M. (Aline de) Elégies, 1828
Aline de M
(Début 19ème)
Elégie III
Il n'est pas bon, quand on porte un coeur tendre,
Quand tous les feux qu'on respire à vingt ans
Dans un oeil noir se font assez comprendre,
Il n'est pas bon de demeurer aux champs.
Là tout jouit, tout aime, tout soupire:
C'est pour l'amour que chantent les oiseaux,
C'est de l'amour que souffle ce zéphyre,
Et c'est l'amour qui créa ces berceaux!
Je ne sais, mais alors, au trouble qui m'oppresse,
Aux pleurs de volupté que répandent mes yeux,
Je pressens trop d'aimer la redoutable ivresse,
Je pressens un bonheur qui n'appartient qu'aux cieux!
Amour, amour, garde-toi de paraître,
Laisse mon coeur te rêver à loisir;
Et de ce coeur quand tu te rendras maître,
Ne choisis pas pour guide le plaisir!
Elégie VII
Il est donc vrai, la coupe de la vie
Ne m'a laissé qu'un amer souvenir;
Il est donc vrai, j'ai bu jusqu'à la lie,
Je viens de naître et n'ai plus d'avenir.
J'ai vu s'enfuir comme une ombre légère
Le temps heureux de mes premiers amours,
Je ne sais plus comment passent mes jours,
Je n'ai vécu que six mois sur la terre.
J'ai désiré parfois me ranimer,
En souriant aux feux que j'ai fait naître;
Mais le dégoût s'emparait de mon être;
Tout est fini, je ne peux plus aimer.
Et pourquoi donc, si mon âme est glacée,
Pourquoi son nom me fait-il tressaillir?
Et lorsqu'en vain son image est chassée,
Pourquoi ne puis-je y penser sans frémir?
Je l'entends seul dans tout ce que j'écoute,
Il vient s'offir dans tout ce que je vois.
Partout, hélas! je le fuis, le redoute
Et plus que moi, je le retrouve en moi.
Je m'abusais, je suis sensible encore,
Et c'est pour toi, cruel, qui me trahis!
Non, les froideurs, l'absence, le mépris,
Rien ne guérit le mal qui me dévore.
Au clair de lune
J'erre à ta céleste lumière,
Astre des nuits et de l'amour;
La cloche de l'ermite appelle à la prière,
Pour la dernière fois, les bergers d'alentour;
Dans nos bois dépouillés une brise légère
Se glisse, et fait frémir la feuille sous mes pas.

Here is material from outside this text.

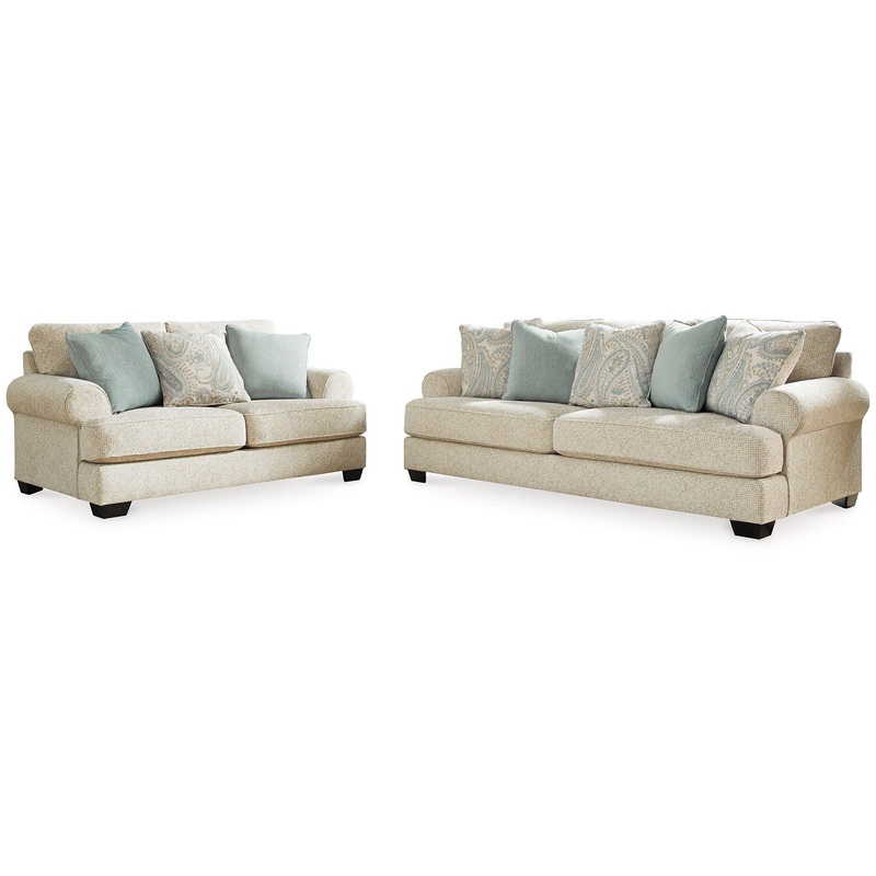 This sofa and loveseat strike a beautiful balance between classic and current. Traditional elements include t-cushion seating and setback roll arms, angled for modern flair. Posh collection of pillows in spa mist and jacquard paisley make a muted, mellow complement to the sofas casual textured chenille upholstery. Choice of sandstone beige is a light and lovely style awakening.

Au loin, dans le vallon, la lueur solitaire
De la lampe qui brille au foyer d'une mère
Apaisant de ses fils les enfantins débats;
Le murmure éloigné des passions de la terre,
Ce fleuve dont les eaux réfléchissent les cieux,
Cette suavité dont la nuit est remplie,
Ces dons des champs étalés à mes yeux;
Tout vient redire à mon âme attendrie:
Connais bien la nature et tu seras heureux.
Charade
Dans mon premier, le riche, loin des villes
Cherche un bonheur que l'or ne donne pas;
Et mon second, pour les âmes serviles,
De la beauté remplace les appas.
Mais de mon tout le portrait m'embarrasse:
Tantôt en aigle il vole jusqu'aux cieux,
Puis, fatigué d'un vol audacieux,
A peine de la terre il rase la surface.
Il fâche la raison, plus souvent la séduit;
Il n'eut aucun modèle et n'a que trop d'émules,
Mais dangereux pour qui le suit,
Il est le chef brillant d'écrivains ridicules.
(Réponse:) Chateaubriand
A M. Papillon
De la Ferté des Entelles
En lui renvoyant deux romans
Grand merci, seigneur du zéphir,
Je vous rends vos romans, je retourne à l'étude:
Si je leur dois une heure de plaisir,
Ils m'ont donné deux jours de vague inquiétude.
D'ailleurs tous ces récits de nobles sentiments,
Des amants forcenés la redoutable ivresse,
Ces terribles effets d'une faible tendresse,
Semblent froids quand on a vingt ans.
Quels écrit, dites-moi, valent la rêverie
D'un coeur plein du besoin d'aimer,
Qui sent avec force la vie,
Qui devine l'amour ou sait l'imaginer?
Mais quand on est loin de cet âge,
Que le feu créateur n'existe plus en nous,
Que nous perdons, hélas! le beau titre de fous,
Un beau roman délasse et ranime le sage:
Il croit y lire encor l'ardent et pur hommage
Qu'il offrit à l'objet de ses jeunes amours;
Cet objet put être volage,
Mais le souvenir de l'orage
Est effacé par celui des beaux jours.